*** Data shown ***

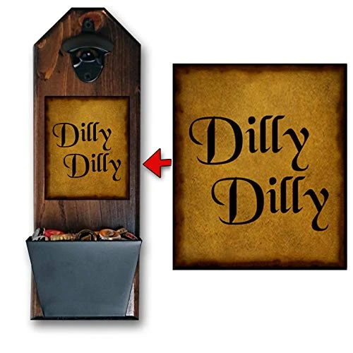 Dilly Dilly Bottle Opener And Cap Catcher. Handcrafted By A Vet. Made Of Solid Pine, Rustic Cast Iron Bottle Opener And Sturdy Mini Galvanized Bucket. Great Gift! (for Your Beer Or. Dad Or Mom!)
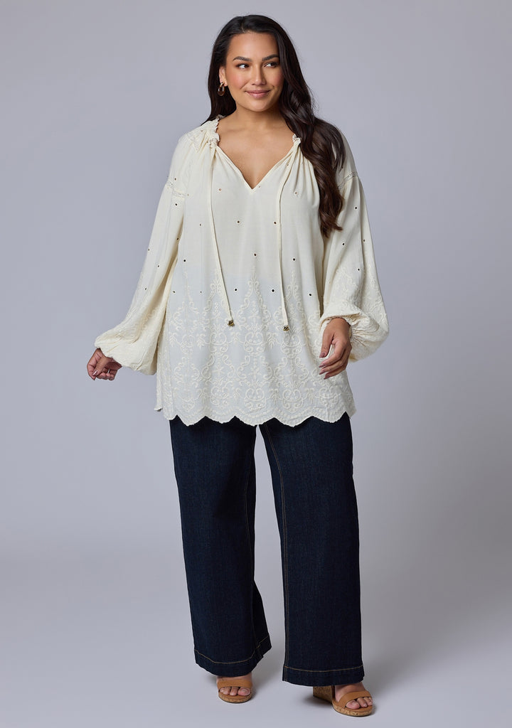 The Genevieve Blouseby Something 4 Olivia is a masterpiece of refined design, made with exquisite cotton broderie fabrication. Delicate full length sleeves paired with a neck tie make this blouse versatile and apt for any occasion.
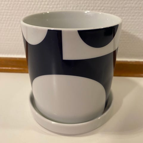 VERNER PANTON skål, udført i hvid porcelæn med udvendigt, mørkeblåt bånd. Diameter 10 cm, højde 5 cm, vægt 256 gram. Skålen er uden skår og fremstår i meget pæn stand.

*** End of Data shown ***

Restate the material above word for word, so that nothing changes except that the pictures are gone.

 Dilly Dilly Bottle Opener And Cap Catcher. Handcrafted By A Vet. Made Of Solid Pine, Rustic Cast Iron Bottle Opener And Sturdy Mini Galvanized Bucket. Great Gift! (for Your Beer Or. Dad Or Mom!)
 The Genevieve Blouseby Something 4 Olivia is a masterpiece of refined design, made with exquisite cotton broderie fabrication. Delicate full length sleeves paired with a neck tie make this blouse versatile and apt for any occasion.
 VERNER PANTON skål, udført i hvid porcelæn med udvendigt, mørkeblåt bånd. Diameter 10 cm, højde 5 cm, vægt 256 gram. Skålen er uden skår og fremstår i meget pæn stand.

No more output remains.